Mercier Joey, Voutsadakis Ioannis A
Division of Clinical Sciences, Northern Ontario School of Medicine, Sudbury, Ontario, Canada.
Algoma District Cancer Program, Sault Area Hospital, Sault Ste. Marie, Ontario, Canada.
J Gastrointest Oncol. 2018 Jun;9(3):478-486. doi: 10.21037/jgo.2018.03.13.
The cancer micro-environment is recognized as having an increasing importance in cancer progression. Immune cells originating from the peripheral blood are important elements of this environment. Thrombocytosis, neutrophilia and lymphocytopenia have been found to be negative prognostic indicators in many cancers. This study aims to evaluate the potential of the use of a novel hematological marker, the platelet-neutrophil to lymphocyte ratio (PNLR) as a practical, reliable, and inexpensive prognostic tool in metastatic colorectal adenocarcinomas.
Charts from 305 patients with colorectal cancer were retrospectively reviewed. Of these, 152 had metastatic disease with complete follow-up data on progression and survival. Data were extracted and stratified by a PNLR cut-off point of 2,000. Baseline parameters of the two groups were evaluated and compared with the χ test. Univariate and multivariate Cox proportional-hazards regression analyses were performed on variables of interest.

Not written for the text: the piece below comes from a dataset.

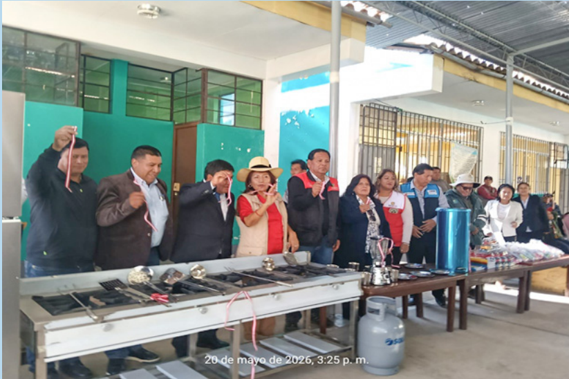
20 de mayo de 2026, 3:25 p. m.

A total of 102 (67.1%) patients had a PNLR of less than 2,000 while the index for 50 (32.9%) patients was 2,000 or higher. Patients with a PNLR above 2,000 had a shorter median progression-free survival (PFS) [6.5 13.3 months; hazard ratio (HR), 2.05; 95% CI, 1.32-3.19, P=0.001] than in patients with a PNLR below the threshold. Similar results were observed for median overall survival (OS) (9.6 21.8 months; HR, 2.33; 95% CI, 1.44-3.79, P=0.001). PNLR had a higher predictive HR than Eastern Cooperative Oncology Group (ECOG) performance status (PS).
In this retrospective analysis of metastatic colorectal cancer patients, PNLR had prognostic value for both OS and PFS. While other variables held significance for poorer prognosis, PNLR had the highest HR and the highest significance in multivariate analysis for both PFS and OS. Thus, it represents a powerful and objective prognostic tool in the evaluation of metastatic colorectal cancer patients that is readily available and does not require any additional expenses.
癌症微环境在癌症进展中的重要性日益受到认可。源自外周血的免疫细胞是该环境的重要组成部分。血小板增多、中性粒细胞增多和淋巴细胞减少在许多癌症中已被发现是不良预后指标。本研究旨在评估一种新型血液学标志物——血小板-中性粒细胞与淋巴细胞比值(PNLR)作为转移性结直肠癌实用、可靠且廉价的预后工具的潜力。
回顾性分析305例结直肠癌患者的病历。其中,152例患有转移性疾病,有关于疾病进展和生存的完整随访数据。数据按PNLR临界值2000进行提取和分层。两组的基线参数采用χ检验进行评估和比较。对感兴趣的变量进行单因素和多因素Cox比例风险回归分析。
共有102例(67.1%)患者的PNLR低于2000,而50例(32.9%)患者的该指标为2000或更高。PNLR高于2000的患者无进展生存期(PFS)中位数较短[6.5对13.3个月;风险比(HR),2.05;95%置信区间(CI),1.32 - 3.19,P = 0.001],低于阈值的患者情况则相反。总生存期(OS)中位数也观察到类似结果(9.6对21.8个月;HR,2.33;95% CI,1.44 - 3.79,P = 0.001)。PNLR的预测HR高于东部肿瘤协作组(ECOG)体能状态(PS)。
在这项对转移性结直肠癌患者的回顾性分析中,PNLR对OS和PFS均具有预后价值。虽然其他变量对较差预后也有意义,但PNLR在多因素分析中对PFS和OS的HR最高且意义最为显著。因此,它是评估转移性结直肠癌患者的一种强大且客观的预后工具,易于获取且无需任何额外费用。